Но не всегда Воровский был последователен, иногда не улавливал биения нового пульса в творчестве Горького. Так, критик ошибочно утверждал, что образ Ниловны не типичен: такие матери «могут существовать как индивидуальные явления», «они не характерны для данной среды и данного времени». Воровский неверно оценил образ Ниловны потому, что не увидел множества русских женщин, помогавших своим мужьям и сыновьям бороться за свободу. Речь шла не просто о художественных достоинствах или недостатках, а о наличии в самой жизни реальной основы для воплощения социалистического идеала. Именно поэтому Горький резко протестовал против утверждений Воровского в статье «Две матери» о «надуманности» и «маловероятности» образа Ниловны.

Воровский сожалел, что Горький не понял его добрых намерений. Он заботился только о том, чтобы пролетарская литература в художественном отношении не уступала произведениям старых классиков. Может быть, в чем и ошибся. Но нет ли здесь личной обиды? Он не хотел обижать Горького. Вот и Ольминский считает недопустимой полемику между приверженцами одного политического направления.

Воровский достал из письменного стола еще незапечатанное письмо и вручил его И. И. Радченко.

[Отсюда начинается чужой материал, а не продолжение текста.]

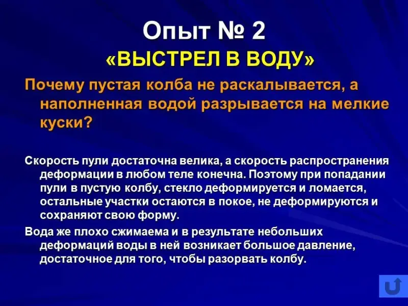 Вода же плохо сжимаема и в результате небольших деформаций воды в ней возникает большое давление, достаточное для того, чтобы разорвать колбу.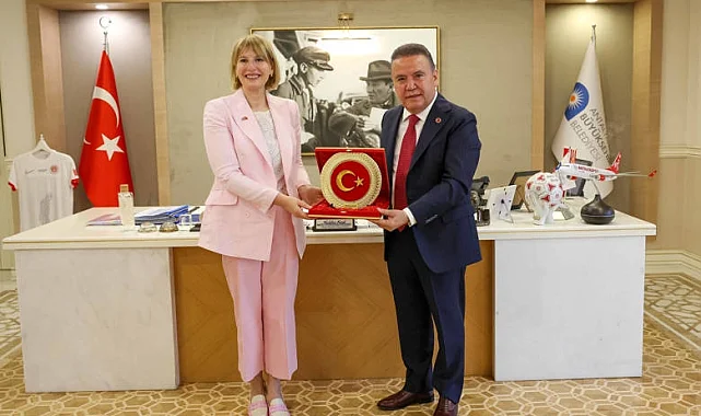 Birleşik Krallık Türkiye Büyükelçisi Jill Morris ve beraberindeki heyet, Antalya Büyükşehir Belediye Başkanı Muhittin Böcek'i ziyaret etti.ANTALYA (İGFA) - Ziyarette ağırlıklı olarak tarım ve turizm konuları ele alındı. Büyükelçi Morris, sürdürülebilirlik ve çevre konusunun İngiltere'nin de önem verdiği konuların başında geldiğini belirterek, Antalya Büyükşehir Belediyesi'nin yaptığı çalışmaların turizmi canlandıracak ve turist sayısını arttıracak önemli faktörler olduğunu söyledi.Antalya Büyükşehir Belediye Başkanı Muhittin Böcek, Birleşik Krallık Türkiye Büyükelçisi Jill Morris ve beraberindeki heyeti ağırladı. Ziyaretten duyduğu memnuniyeti dile getiren Başkan Muhittin Böcek, turizm sezonunun yaklaşmasıyla birlikte, Antalya'nın İngiltere ile olan ticaret, turizm ve kültürel bağlarını daha da güçlendirmek adına görüşmenin önem taşıdığını söyledi. Antalya'nın tarım ve turizm potansiyeli hakkında heyete bilgi veren Başkan Böcek, Antalya Büyükşehir Belediyesi'nin yerelden kalkınma ve çevre konusunda yaptığı çalışmaları anlattı.BAŞKAN MUHİTTİN BÖCEK ÇALIŞMALARI ANLATTIAntalya'nın geçtiğimiz yıl 1 milyon 574 bin İngiliz turiste ev sahipliği yaptığını söyleyen Başkan Muhittin Böcek, "Antalya'mız doğası, tarihi ile 640 km sahili olan, 700 bin yatak kapasiteli bir şehir. Turist sayısı bakımından dünyada dördüncü, Avrupa'da 3. sıradayız. Asya Belediye Başkanları Forumu tarafından 2025 yılı çevre başkenti ilan edildik. Turizmin yanında tarım var. Uluslararası FoodFest gastronomi Festivalimiz var. Dünyadan ve Türkiye'den Michelin yıldızlı şeflerimiz geliyor. Kültür, sanat, spor ve sağlık turizmi alanında da turizmi 12 aya yaymaya çalışıyoruz. Antalya'mız tüm dünya liderlerinin de geldiği bir barış şehridir" dedi. Aynı zamanda Sakin Şehirler Ağı (Cittaslow) Genel Başkan Yardımcısı olan Başkan Muhittin Böcek, Büyükelçi Morris'e turizm için büyük önem taşıyan sakin şehir çalışmaları hakkında da bilgi verdi.TÜRKİYE'YE ÖRNEK OLUYORUZ30 Büyükşehir Belediyesi arasında Antalya Büyükşehir Belediyesi'nin yerelden kalkınma ve tarım projeleri ile ilk sırada olduğunu söyleyen Başkan Muhittin Böcek, tarım alanında yapılan çalışmaları da anlattı. Başkan Böcek, "Türkiye'de işlem hacmiyle ilgili 3 yıldır birinci sıradayız. 1938 tüccar ve komisyoncumuz var. Üreticiler ile ilgili Kumluca'da hem paketleme hem kurutma tesisimizi açtık. Korkuteli'de de açtık. Burada kurutulan ve paketlenen ülkelerin yurt dışına satışıyla ilgili hazırlıklarımız var. Büyükşehir Belediyesi olarak kadın kooperatiflerimizi destekliyoruz. 53 sulama kooperatifimizin enerji ihtiyacının yüzde 85'ini karşılıyoruz. 145 bin konuta eşdeğer 53,5 MW temiz enerji üretiyoruz. Üreticilere her türlü fide, fidan, tohum, ekipman desteği sağlıyoruz. Budama ve arıcılık eğitimleri veriyoruz. Kapalı devre sulama sistemleri kurarak suyumuzu koruyoruz. Tüm bu çalışmalarımızla Türkiye'ye örnek oluyoruz" diye konuştu.İNGİLİZ TURİSTLER ANTALYA'YI ÇOK SEVİYORBirleşik Krallık Büyükelçisi Jill Morris de Antalya'da olmaktan büyük mutluluk duyduğunu belirterek, İngiliz turistlerin Antalya'yı çok sevdiğini ve her yıl giderek sayılarının arttığını söyledi. Sıcak karşılamasından dolayı Başkan Muhittin Böcek'e teşekkür eden Büyükelçi Morris şöyle konuştu: "İngiliz turistler geldiklerinde kendilerini güvende ve evlerinde hissetsinler diye çok güzel çalışmalarınız var. İngiliz takımları eğitim ve kamp amaçlı burayı sıklıkla tercih ediyor. Tarım teknolojileri, özellikle sürdürülebilirlik ve yeşil çevre konusu aynı zamanda İngiltere'nin de önem verdiği konuların başında geliyor. Çevreyi korumanın yanı sıra, doğa turizmi, eko turizm, gastronomi turizmi de turistlerin çok ilgisini çeken konular. Sizin sunduğunuz bu çeşitlilik de turizmi çok daha fazla artıracak bir faktör."Görüşmenin sonunda Başkan Muhittin Böcek ziyaretin anısına Birleşik Krallık Büyükelçisi Jill Morris'e ay yıldızlı plaket ve kadın kooperatifleri tarafından yapılan hediyeleri takdim etti.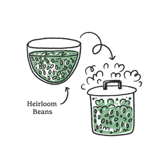 Beans are carefully washed, cooked, and cooled.

«Неужели Вы думаете, — говорилось в письме, — что полемика с автором есть уже личная полемика. Ничего подобного. Я могу самым искренним образом уважать и любить автора и все-таки горячо спорить против его сочинений. Вы говорите: надо спорить с идеями. Это, голубчик, ведь общее место, не более. Идеи, к сожалению, не бегают по белу свету на своих ножках, а всегда обязательно появляются в ипостаси конкретного автора. Это, конечно, технический недостаток, но ничего не поделаешь. Споря с идеей, по необходимости споришь с носителем ее. И ничего в этом нет скверного, и Вы напрасно бичуете себя за полемику с Рожковым[21] и проч.

Другое дело, если полемика против автора ведется не в круге идей, а в сфере личных выпадов, передержек, подсиживаний и т. д. Это, разумеется, не может иметь ценности. (Прошу не смешивать с личной полемикой резкую идейную полемику.)

Теперь, что касается вопроса о подчеркивании пункта согласия, умалчивая о разногласиях, то я по-прежнему продолжаю негодовать. Ведь этак мы выродимся в общество взаимного обожания. Я уже не говорю о психологической невозможности умолчания, когда видишь ошибочные суждения. Оставить их без возражения мог бы только человек, равнодушный к теории и ее судьбам. Но, и помимо этого, во что мы превратимся. Я буду выуживать «пункты согласия» в Ваших статьях, Вы в моих, X в статьях Y и т. д. Получится какой-то компендиум пунктов согласия, набор общих бесспорных мест, трюизмов, того, что свободно можно вынести за скобки.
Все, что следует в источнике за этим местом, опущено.